Problem 7.1

First let us demonstrate that our integral form satisfies the heat equation. To do this, we need to take the second partial derivative of \(\theta\) with respect to \(x\). Since \(x\) is in the limit of the integral, we need to use Leibniz rule, which states:

\[ \frac{d}{dx} \left( \int_{a(x)}^{b(x)} f(x,\,y) \, \mathrm{d}y \right) = f(x,\, b(x)) \cdot \frac{d}{dx}b(x) - f(x,\, a(x)) \cdot \frac{d}{dx} a(x) + \int_{a(x)}^{b(x)} \frac{\partial}{\partial x} f(x,\,y) \, \mathrm{d}y \]
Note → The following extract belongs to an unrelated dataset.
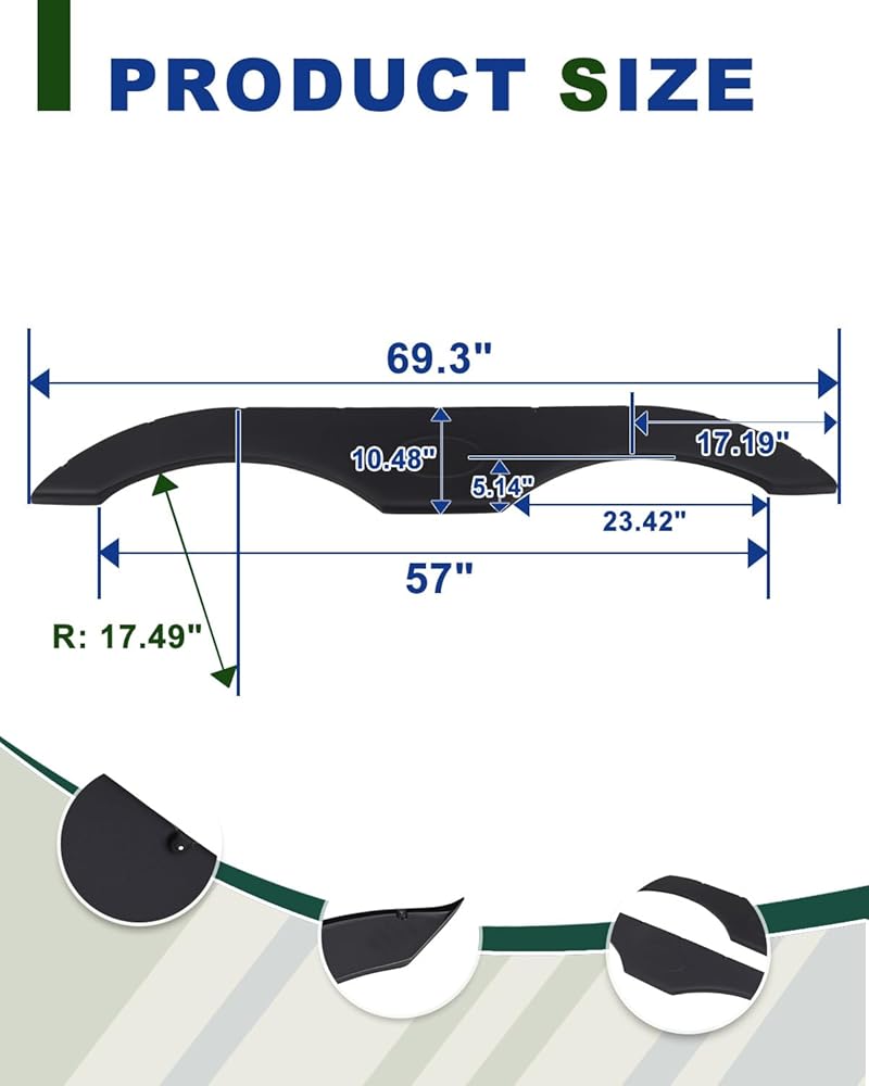 وظيفة المنتج: تم تصميم مصدات المقطورة لتحل محل تنانير الرفارف الممزقة وهي مثالية لاستبدال الرفارف عند تآكل الرفارف القديمة بسبب تأثيرات الحطام أو التعرض لأشعة الشمس.

In our case we will only consider situations in which the integrand function is not a function of the variable, \(x\), with which we are taking the derivative, i.e., \(f(x,t) \rightarrow f(t)\) and \(\frac{d}{dx}f(x,t) = 0 \), so the rule simplifies to

\[ \frac{d}{dx} \left( \int_{a(x)}^{b(x)} f(y) \, \mathrm{d}y \right) = f(b(x)) \cdot \frac{d}{dx}b(x) - f(a(x)) \cdot \frac{d}{dx} a(x) \]

To show that our solution

\[ \theta(x) = \theta_1 + (1 - x)\, H_0 + \int_x^1 \int_0^y h(z) \: dz \, dy \]

satisfies the steady-state equation

\[ \partial_x^2 \theta + h = 0 \]

let us take the first derivative of the solution with respect to \(x\):

\[ \frac{d\theta}{dx} = - H_0 + \frac{d}{dx}\left[ \int_x^1 \int_0^y h(z) \: dz \, dy \right] \]

Using the simplified Leibniz rule above we identify \(a(x) = x\), \(b(x) = 1\) and \(f(y) = \int_0^y h(z) \: dz \) such that the result is

\[ \frac{d\theta}{dx} = - H_0 - \int_0^x h(z) \: \mathrm{d}z \]

Employing this a second time, in this case where \(b = x\), \(a = 0\) and \(f(y) = h(z)\) we get

\[ \frac{d^2\theta}{dx^2} = - h(x) \]

Hence, we see this satisfies our steady-state equation.